传统方法的限制:ABR 算法通常依赖于准确的带宽估计，这通常需要通过简单的启发式或统计方法实现。此外，ARB 算法基于带宽估计做出适应决策，且两者之间存在复杂的关系，因此简单的启发式方法对于所有场景都无效。

As discussed above, ABR algorithms typically involve bandwidth estimation, a complex control logic, or both, where we can leverage existing ML methods: the bandwidth estimation problem can be treated as a general regression problem, while the control problem can be treated as a decision-making problem. In fact, existing work on applying ML in adaptive video streaming can be generally divided into these two lines. We will discuss these two lines separately.

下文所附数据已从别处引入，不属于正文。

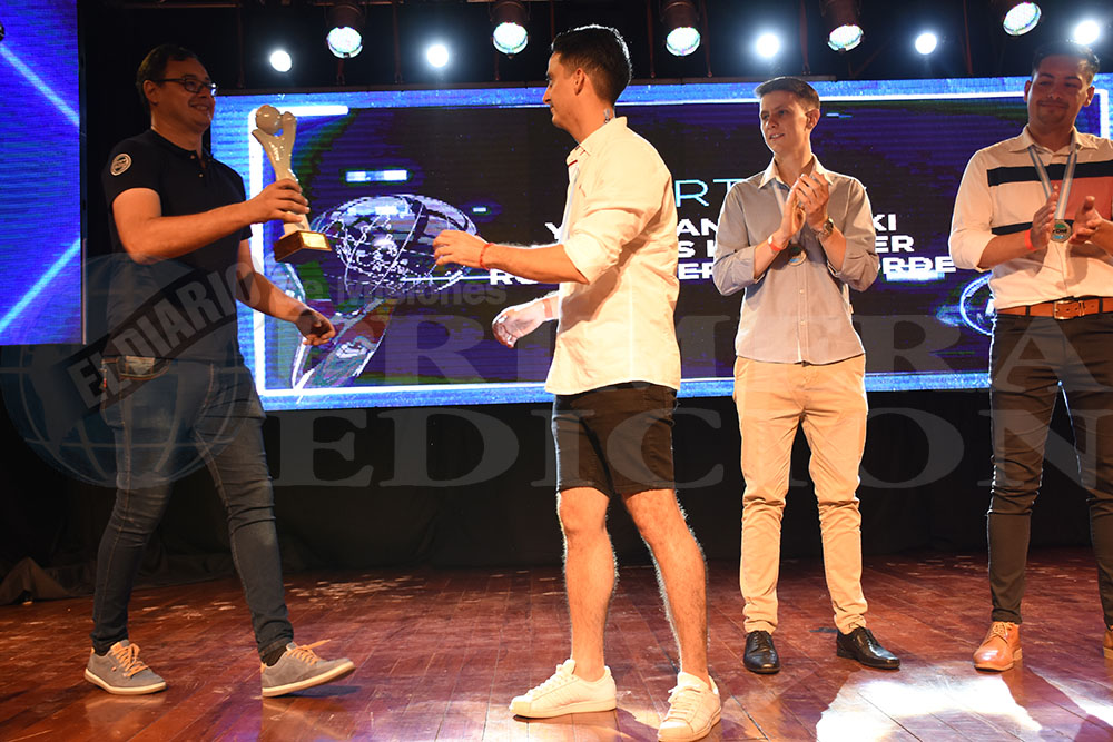 UNA CAMPEONA. Clarice Kraus ganó en rugby femenino. El maestro Luis Marinoni, director del ballet folclórico del Parque del Conocimiento, entregó la estatuilla.

以上讨论的 ABR 算法通常涉及带宽估计和复杂的控制逻辑，或者两者都有。我们可以利用现有的机器学习方法来解决这些难题：带宽估计问题可以被视为一般性回归问题，而控制问题可以被视为决策问题。事实上，已经在自适应视频流媒体领域应用机器学习的工作可以分为两类。我们将分别讨论这两类工作

The first research line aims at achieving better accuracy in bandwidth estimation. Bandwidth estimation is a general and well-studied problem that has its presence in many of the Internet applications [68, 69]. Existing ML-based approaches for bandwidth estimation mainly focus on using methods like Kalman filter [40] or neural networks [43, 78] to perform the prediction. In the context of adaptive video streaming, CS2P aims at improving bitrate adaptation by adopting data-driven approaches in throughput prediction [154]. The authors make two important observa-tions: (1) There are similarities in the throughput pattern across video streaming sessions. (2) The throughput variability within a video streaming session exhibits stateful nature. Based on the first observation, the authors cluster similar sessions and use the clustering result to predict the initial throughput of a session. Using the second observation, they propose a Hidden-Markov-Model-based method to explore the stateful nature of throughput variability to predict the throughput. The second line of research focuses on leveraging ML, RL in particular, techniques for adapta-tion decision making. By penalizing on detrimental factors that negatively affect the optimization objectives, RL can learn from expererience an optimal strategy for bitrate selection, and replace existing heuristic-based schemes that suffer in generalizing to dynamic networks. RL can exploit the low level system signals that are essential for ABR algorithm design but are hard to be modeled and considered due to the inherent complexity. Besides, RL-based approaches are typically more flexible and can be generalized to different network conditions.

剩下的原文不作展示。